___ Data provided

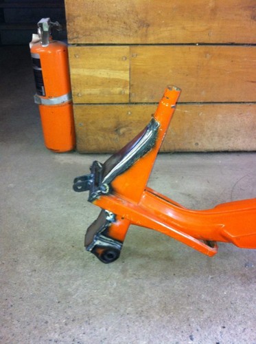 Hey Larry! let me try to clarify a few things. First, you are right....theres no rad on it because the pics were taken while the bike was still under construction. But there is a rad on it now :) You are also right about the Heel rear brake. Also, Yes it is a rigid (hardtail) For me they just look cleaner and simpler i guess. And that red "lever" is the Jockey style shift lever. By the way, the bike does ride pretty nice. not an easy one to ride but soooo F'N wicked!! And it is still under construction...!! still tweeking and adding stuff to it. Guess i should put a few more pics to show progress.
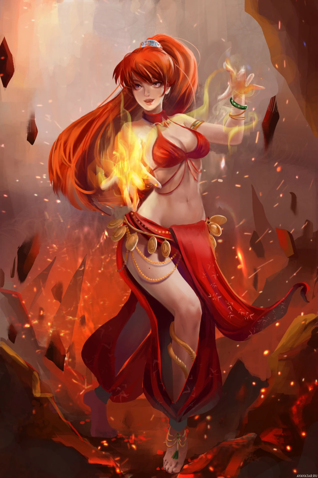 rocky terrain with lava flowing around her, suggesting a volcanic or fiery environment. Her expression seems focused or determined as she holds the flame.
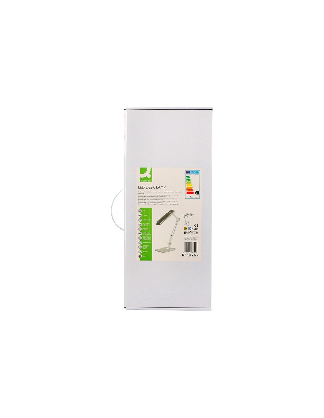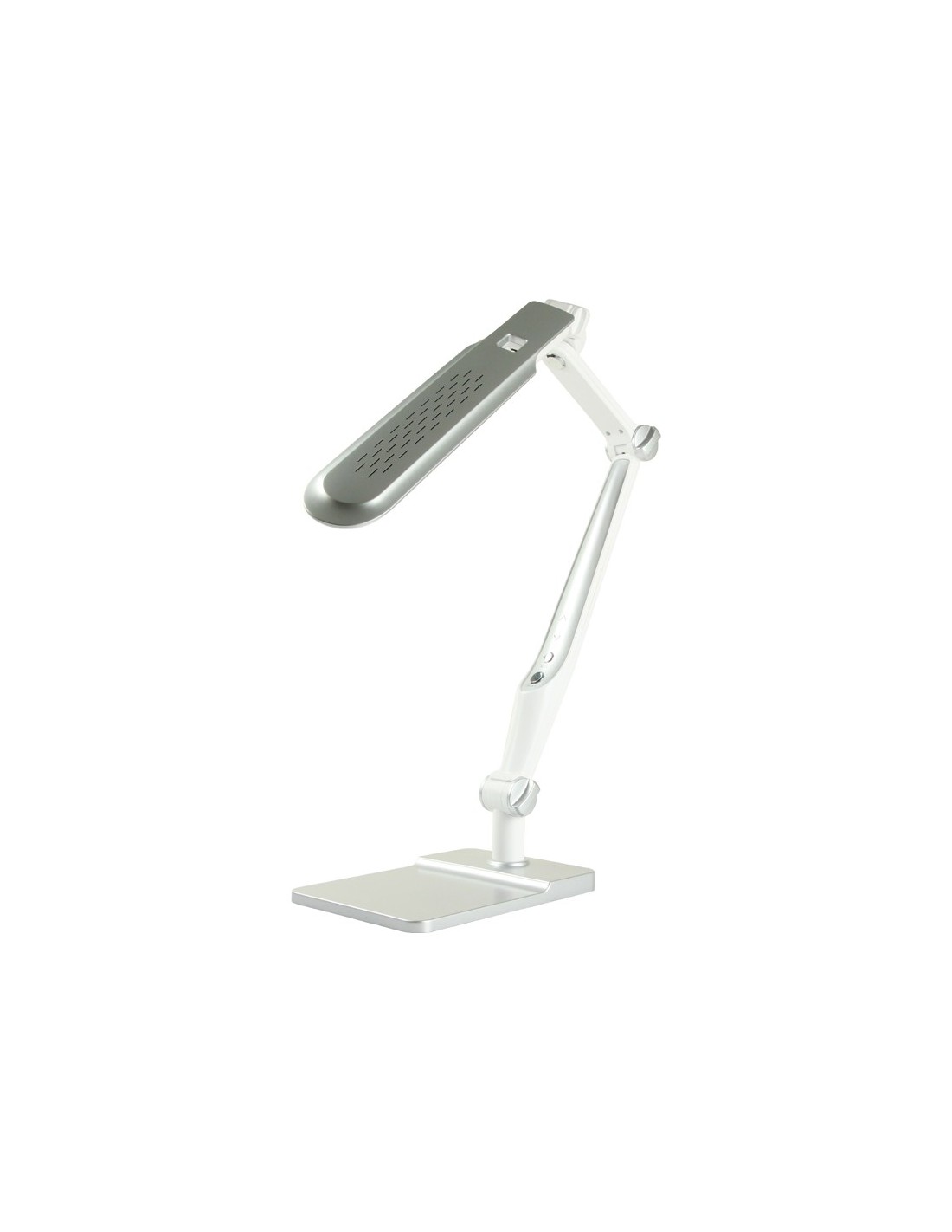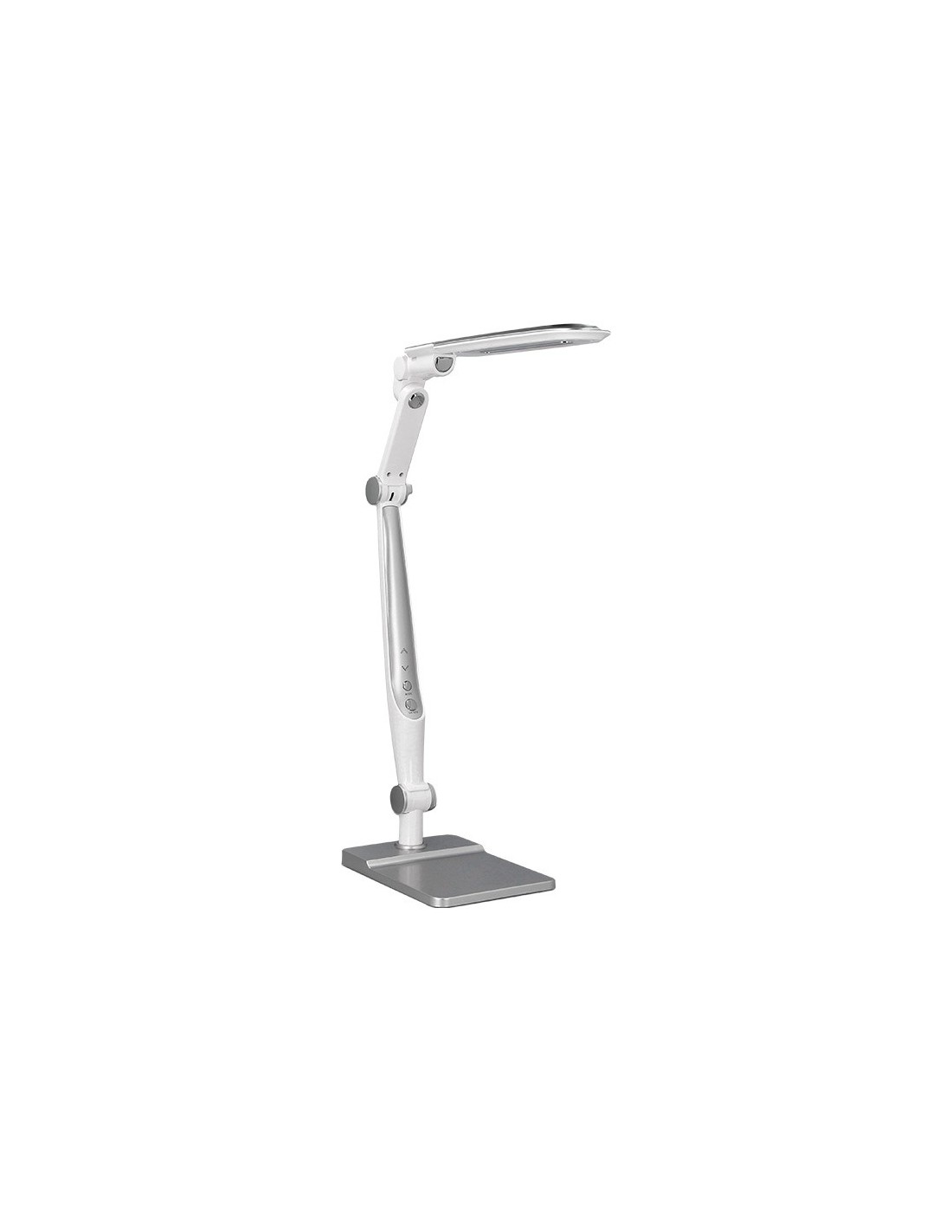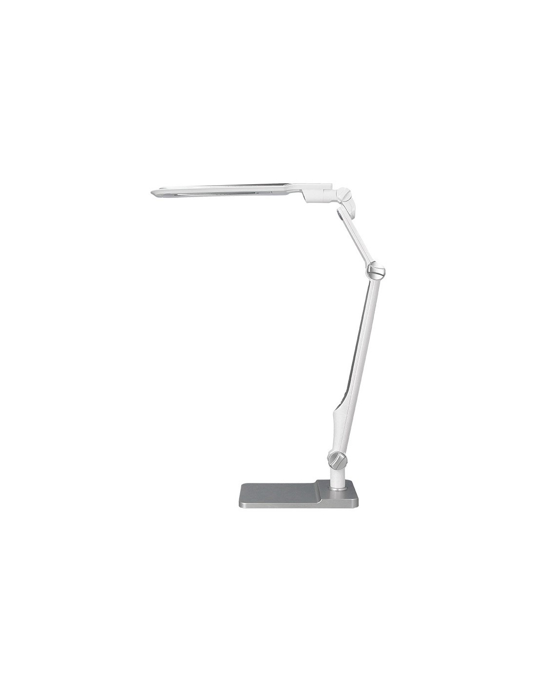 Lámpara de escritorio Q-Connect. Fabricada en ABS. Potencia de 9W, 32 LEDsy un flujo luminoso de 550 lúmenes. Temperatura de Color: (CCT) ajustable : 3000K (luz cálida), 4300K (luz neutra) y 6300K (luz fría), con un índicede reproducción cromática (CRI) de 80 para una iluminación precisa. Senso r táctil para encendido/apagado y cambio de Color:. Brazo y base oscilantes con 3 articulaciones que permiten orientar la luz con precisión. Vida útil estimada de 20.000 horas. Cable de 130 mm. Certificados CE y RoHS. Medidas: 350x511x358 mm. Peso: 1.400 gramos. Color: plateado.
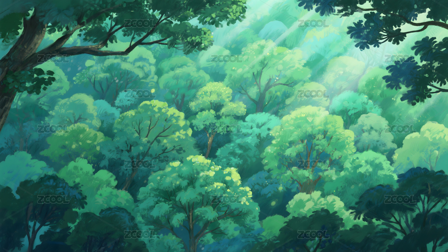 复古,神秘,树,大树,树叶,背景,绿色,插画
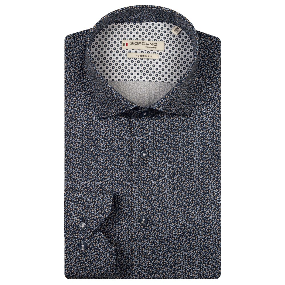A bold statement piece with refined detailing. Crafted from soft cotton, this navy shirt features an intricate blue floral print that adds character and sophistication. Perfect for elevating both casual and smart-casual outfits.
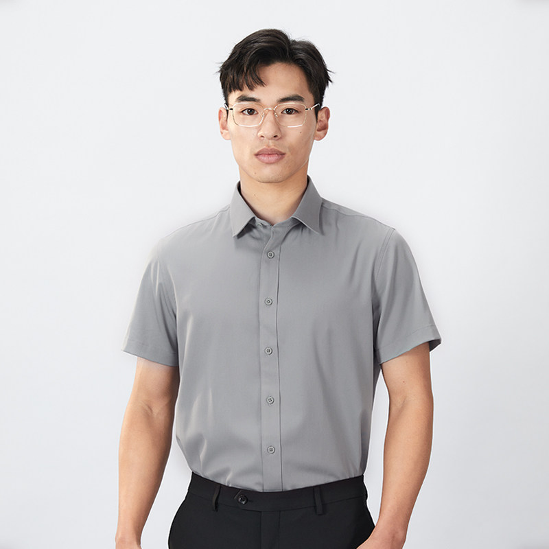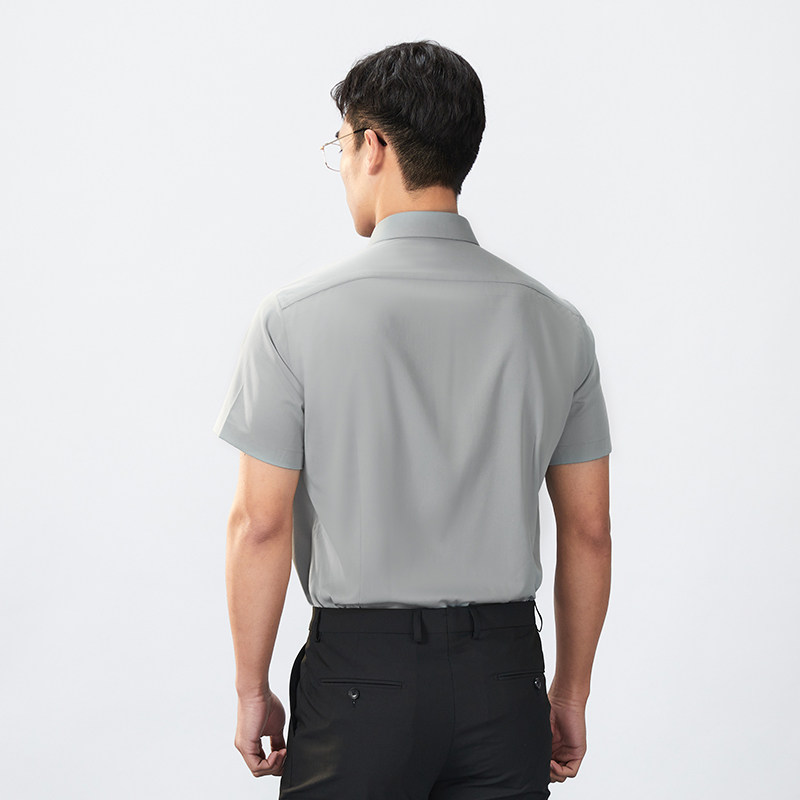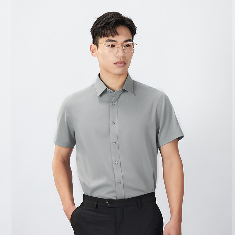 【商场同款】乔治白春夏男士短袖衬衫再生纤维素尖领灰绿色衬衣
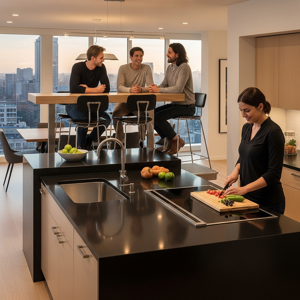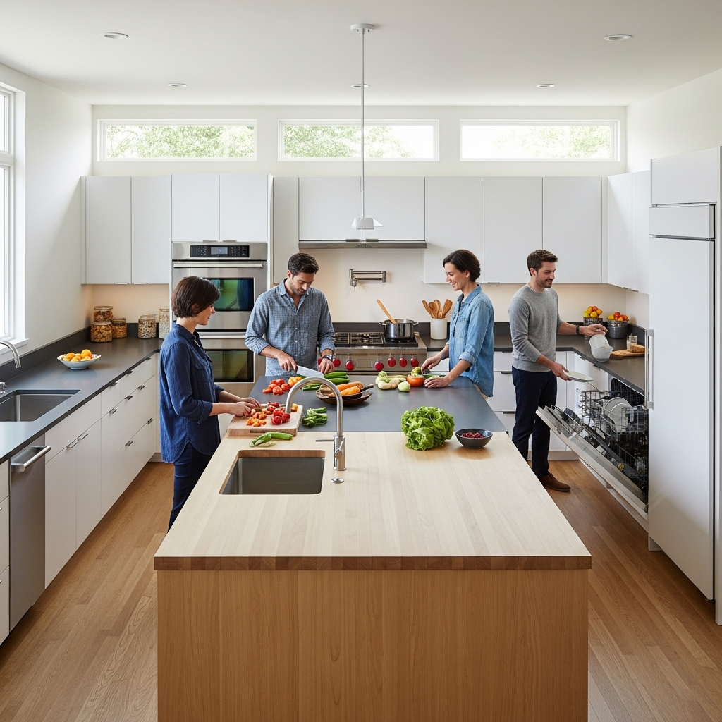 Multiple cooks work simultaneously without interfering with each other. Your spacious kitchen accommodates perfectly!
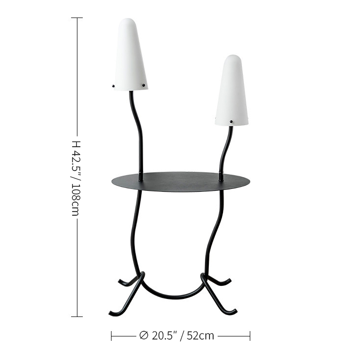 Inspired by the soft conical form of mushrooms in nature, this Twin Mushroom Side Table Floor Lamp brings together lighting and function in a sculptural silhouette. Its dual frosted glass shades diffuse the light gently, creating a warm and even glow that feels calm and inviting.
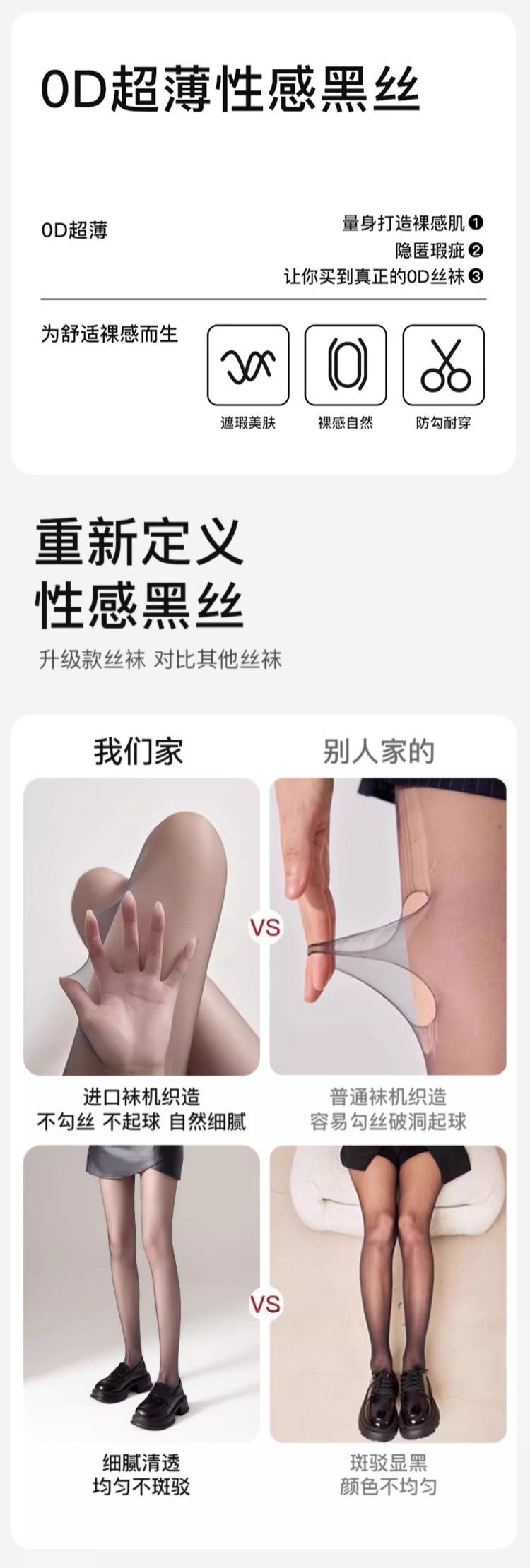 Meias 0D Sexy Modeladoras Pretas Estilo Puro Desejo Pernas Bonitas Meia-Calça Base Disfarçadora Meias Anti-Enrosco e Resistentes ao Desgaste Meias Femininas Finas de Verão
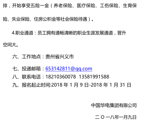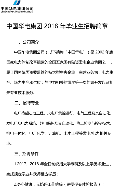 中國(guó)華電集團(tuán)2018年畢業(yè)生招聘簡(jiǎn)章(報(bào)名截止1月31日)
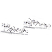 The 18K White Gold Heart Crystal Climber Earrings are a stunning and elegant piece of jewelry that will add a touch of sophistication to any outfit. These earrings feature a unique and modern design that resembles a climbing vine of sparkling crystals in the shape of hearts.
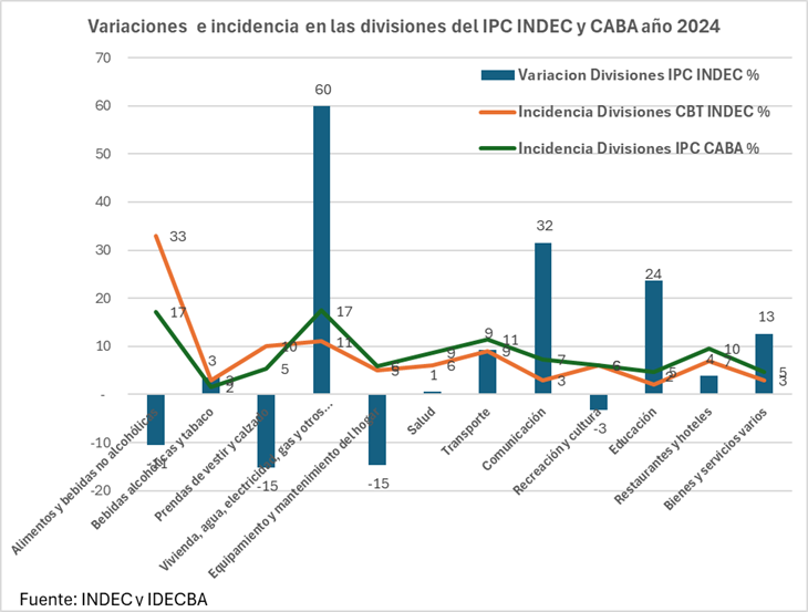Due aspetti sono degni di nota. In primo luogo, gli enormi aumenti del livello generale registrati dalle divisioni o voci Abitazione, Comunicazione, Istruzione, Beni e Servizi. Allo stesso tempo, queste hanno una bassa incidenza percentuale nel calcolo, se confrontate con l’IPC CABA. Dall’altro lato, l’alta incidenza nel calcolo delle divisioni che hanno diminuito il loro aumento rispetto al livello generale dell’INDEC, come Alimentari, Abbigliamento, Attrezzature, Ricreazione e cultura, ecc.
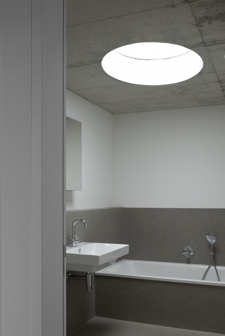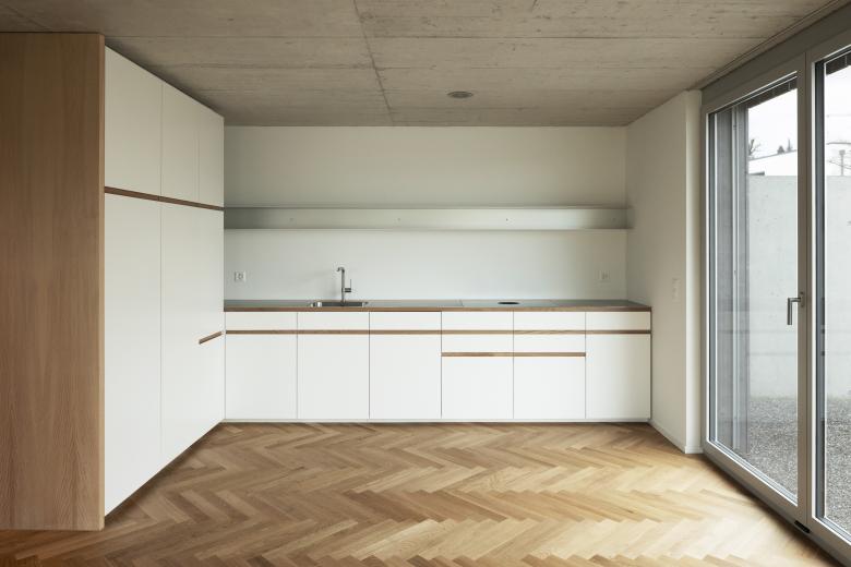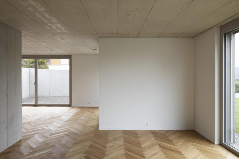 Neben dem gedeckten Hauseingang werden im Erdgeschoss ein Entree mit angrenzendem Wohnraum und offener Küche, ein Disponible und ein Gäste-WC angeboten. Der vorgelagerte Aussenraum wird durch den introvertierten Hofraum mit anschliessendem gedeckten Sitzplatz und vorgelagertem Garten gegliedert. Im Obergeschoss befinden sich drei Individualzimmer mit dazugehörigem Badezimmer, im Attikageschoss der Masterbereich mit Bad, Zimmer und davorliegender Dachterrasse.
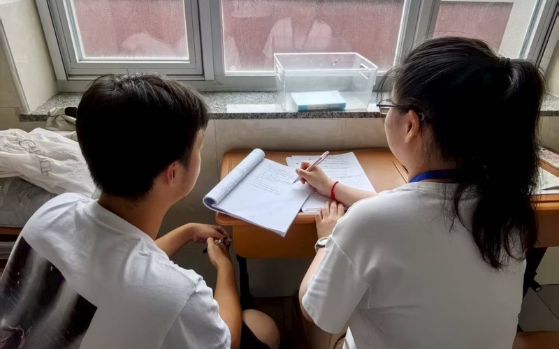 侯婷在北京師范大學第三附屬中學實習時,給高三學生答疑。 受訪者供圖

______

**Required action**
If an entry holds an image, omit that image and print the remainder exactly as it stands.

**Exercise result**
 Hey Larry! let me try to clarify a few things. First, you are right....theres no rad on it because the pics were taken while the bike was still under construction. But there is a rad on it now :) You are also right about the Heel rear brake. Also, Yes it is a rigid (hardtail) For me they just look cleaner and simpler i guess. And that red "lever" is the Jockey style shift lever. By the way, the bike does ride pretty nice. not an easy one to ride but soooo F'N wicked!! And it is still under construction...!! still tweeking and adding stuff to it. Guess i should put a few more pics to show progress.
 rocky terrain with lava flowing around her, suggesting a volcanic or fiery environment. Her expression seems focused or determined as she holds the flame.
 Lámpara de escritorio Q-Connect. Fabricada en ABS. Potencia de 9W, 32 LEDsy un flujo luminoso de 550 lúmenes. Temperatura de Color: (CCT) ajustable : 3000K (luz cálida), 4300K (luz neutra) y 6300K (luz fría), con un índicede reproducción cromática (CRI) de 80 para una iluminación precisa. Senso r táctil para encendido/apagado y cambio de Color:. Brazo y base oscilantes con 3 articulaciones que permiten orientar la luz con precisión. Vida útil estimada de 20.000 horas. Cable de 130 mm. Certificados CE y RoHS. Medidas: 350x511x358 mm. Peso: 1.400 gramos. Color: plateado.
 复古,神秘,树,大树,树叶,背景,绿色,插画
A bold statement piece with refined detailing. Crafted from soft cotton, this navy shirt features an intricate blue floral print that adds character and sophistication. Perfect for elevating both casual and smart-casual outfits.
 【商场同款】乔治白春夏男士短袖衬衫再生纤维素尖领灰绿色衬衣
 Multiple cooks work simultaneously without interfering with each other. Your spacious kitchen accommodates perfectly!
 Inspired by the soft conical form of mushrooms in nature, this Twin Mushroom Side Table Floor Lamp brings together lighting and function in a sculptural silhouette. Its dual frosted glass shades diffuse the light gently, creating a warm and even glow that feels calm and inviting.
 Meias 0D Sexy Modeladoras Pretas Estilo Puro Desejo Pernas Bonitas Meia-Calça Base Disfarçadora Meias Anti-Enrosco e Resistentes ao Desgaste Meias Femininas Finas de Verão
 中國(guó)華電集團(tuán)2018年畢業(yè)生招聘簡(jiǎn)章(報(bào)名截止1月31日)
 The 18K White Gold Heart Crystal Climber Earrings are a stunning and elegant piece of jewelry that will add a touch of sophistication to any outfit. These earrings feature a unique and modern design that resembles a climbing vine of sparkling crystals in the shape of hearts.
Due aspetti sono degni di nota. In primo luogo, gli enormi aumenti del livello generale registrati dalle divisioni o voci Abitazione, Comunicazione, Istruzione, Beni e Servizi. Allo stesso tempo, queste hanno una bassa incidenza percentuale nel calcolo, se confrontate con l’IPC CABA. Dall’altro lato, l’alta incidenza nel calcolo delle divisioni che hanno diminuito il loro aumento rispetto al livello generale dell’INDEC, come Alimentari, Abbigliamento, Attrezzature, Ricreazione e cultura, ecc.
 Neben dem gedeckten Hauseingang werden im Erdgeschoss ein Entree mit angrenzendem Wohnraum und offener Küche, ein Disponible und ein Gäste-WC angeboten. Der vorgelagerte Aussenraum wird durch den introvertierten Hofraum mit anschliessendem gedeckten Sitzplatz und vorgelagertem Garten gegliedert. Im Obergeschoss befinden sich drei Individualzimmer mit dazugehörigem Badezimmer, im Attikageschoss der Masterbereich mit Bad, Zimmer und davorliegender Dachterrasse.
 侯婷在北京師范大學第三附屬中學實習時,給高三學生答疑。 受訪者供圖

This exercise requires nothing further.